Thread: PostgreSQL not using index for statement with group by

PostgreSQL not using index for statement with group by

From
Mark Starkman
Date:

I am new to PostgreSQL and I am evaluating it for use as a data  warehouse.  I am really struggling to get a simple query to perform well.  I have put the appropriate indexes on the table (at least they are appropriate from my use with several other RDBMS’s).  However, the query doesn’t perform well, and I’m not sure how to get it to return in reasonable amount of time.  Right now the query takes between 2 – 3 minutes to return.  There are about 39 million rows in the table.

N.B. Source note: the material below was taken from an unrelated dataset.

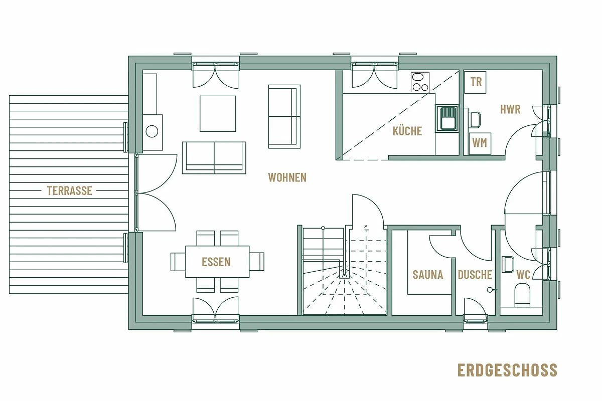 Freuen Sie sich in dieser luxuriösen Villa auf ein Frühstück auf der privaten Terrasse, einen gemütlichen Kaminabend und einen entspannten Saunabesuch in der hauseigenen Sauna mit Duschbad. Ein großzügiger Wohnraum kombiniert das Wohnzimmer mit Kamin, LCD-Flachbildschirm, DVD-Player und Stereo-Anlage mit dem Essbereich und einer Qualitätsküche. Diese ist voll eingerichtet und bietet einen Geschirrspüler, einen Backofen, ein Kochfeld, eine Kaffeemaschine, einen Wasserkocher und einen Toaster. Drei Schlafzimmer, eines mit großem 180cm Doppelbett, die anderen mit je einem 160cm Doppelbett, verfügen zusätzlich über genügend Verstaumöglichkeiten. Das Vollbad überzeugt mit einer Badewanne, einer geräumigen Dusche, einem Waschbecken, einem WC und einem großen Spiegel. Zusätzlich gibt es ein Gäste-WC und eine Waschmaschine sowie einen Trockner.

Here is all of the information that I have.  Please let me know if you I have done anything wrong or what needs to change.

 

Thanks,

Mark

 

Table Definition:

CREATE TABLE temp_inventory_fact

(

  item_id integer NOT NULL,

  date_id timestamp with time zone NOT NULL,

  "CBL_Key" integer NOT NULL,

  product_group_id integer NOT NULL,

  supplier_id numeric(19) NOT NULL,

  "Cost" numeric(19,9) NOT NULL,

  qty_on_hand numeric(19,9) NOT NULL,

  qty_allocated numeric(19,9) NOT NULL,

  qty_backordered numeric(19,9) NOT NULL,

  qty_on_po numeric(19,9) NOT NULL,

  qty_in_transit numeric(19,9) NOT NULL,

  qty_reserved numeric(19,9) NOT NULL,

  nonstock_id boolean NOT NULL

)

WITH (

  OIDS=FALSE

);

 

Query:

select product_group_id, SUM("Cost")

FROM temp_inventory_Fact

where product_group_id < 100

group by product_group_id

order by product_group_id

limit 50;

 

Indexes on table:

CREATE INDEX idx_temp_inventory_fact_product_cost ON temp_inventory_fact (product_group_id, "Cost");

CREATE INDEX idx_temp_inventory_fact_product ON temp_inventory_fact (product_group_id);

Re: PostgreSQL not using index for statement with group by

From
"Kevin Grittner"
Date:
Mark Starkman <mark.starkman@activant.com> wrote:

> I'm not sure how to get it to return in
> reasonable amount of time.

Some more information could help.

What version of PostgreSQL is this?

Please give an overview of the hardware and OS.

Please show your postgresql.conf file, excluding comments.

Please run your query with EXPLAIN ANALYZE in front, so we can see the
execution plan, with cost estimates compared to actual information.
If the the plan indicates a sequential scan, and you think an indexed
scan may be faster, you might be able to coerce it into the indexed
plan for diagnostic purposes by running this on the connection before
an EXPLAIN ANALYZE run:

set enable_seqscan = off;

You don't want to leave it off, or try to use that in production, but
it might be useful in figuring out what's going on.

That might be enough to diagnose the issue.

-Kevin

Re: PostgreSQL not using index for statement with group by

From
Scott Marlowe
Date:
On Thu, Sep 3, 2009 at 7:33 AM, Mark Starkman<mark.starkman@activant.com> wrote:
> I am new to PostgreSQL and I am evaluating it for use as a data  warehouse.
> I am really struggling to get a simple query to perform well.  I have put
> the appropriate indexes on the table (at least they are appropriate from my
> use with several other RDBMS’s).

Ok, first things first.  Pgsql isn't like most other dbms.  It's
indexes do not contain visibility info, which means that if the db
were to use the indexes to look up entries in a table, it still has to
go back to the table to look those values up to see if they are
visible to the current transation.

So, if you're retrieving a decent percentage of the table, it's
cheaper to just hit the table.  Note that this makes PostgreSQL poorly
suited for very wide tables.

Generally the trick to making large accesses run fast in pgsql is to
increase work_mem.  But some queries just aren't efficient in pgsql
that can be efficient in other dbs.

Possibly clustering on product_group_id would help.